Chima is excited for his future position at Oracle, where he will apply skills obtained at USC. Photo by: Tilden Chima

“This particular way of viewing my actions as being part of a greater mission of service to humanity has colored my worldview since high school and much further in college. I would be taking that with me as I move on to the workplace.”

What’s Next?

 Chima will now put his network, education and experiences to work in a position as a full-time associate solutions engineer at Oracle.

“I will be taking Oracle’s software products that have already been built – extend them with my coding skills and integrate them with other Oracle products thereby building a ‘solution’ that is tailored to our client’s specific needs,” Chima explained.

Chima sees it as a perfect fit, allowing him to blend his business consulting, sales and engineering skills into multinational projects.

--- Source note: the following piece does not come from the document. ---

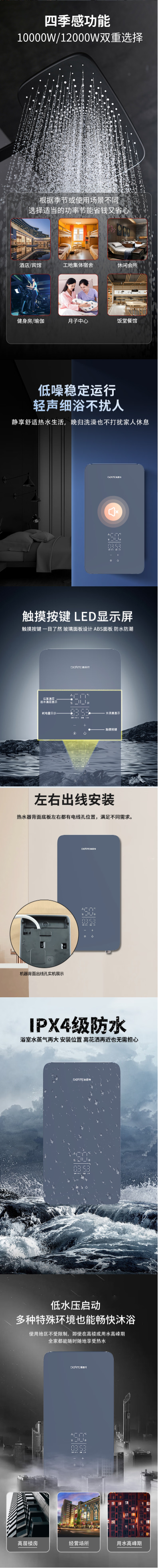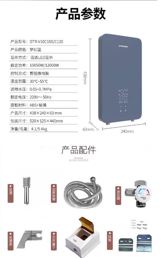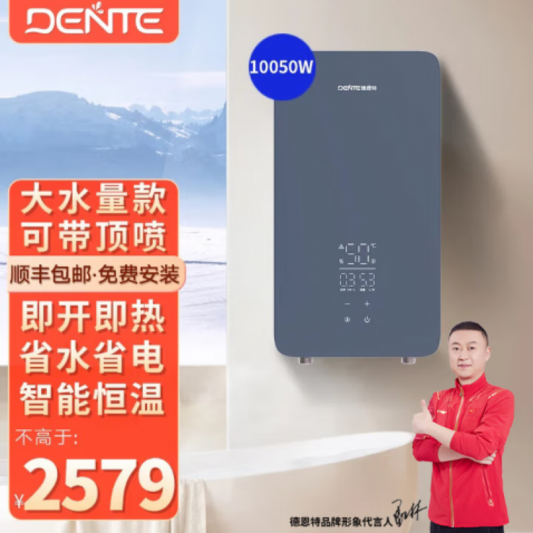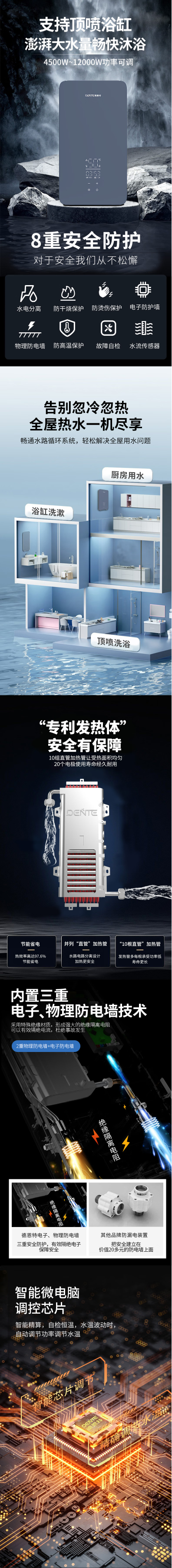 德恩特即热式电热水器V10C100智能恒温小型家用速热洗澡淋浴直热式电热水器 10050W ≥ 6平方线安装 BK

If he ever needs advanced coding help, he can turn to his fellow Trojan and sister, Kourtney Chima, a junior in computer science and computer engineering, who organized this year’s Hack SC Jr’s Hackathon.

The Chima name will certainly resound at USC on May 11, 2018. Tilden Chima, who will be graduating with high honors is also one of 44 Grand Challenges Scholars. He will bear the flag of the graduating class of engineers at the 135th Commencement Ceremony.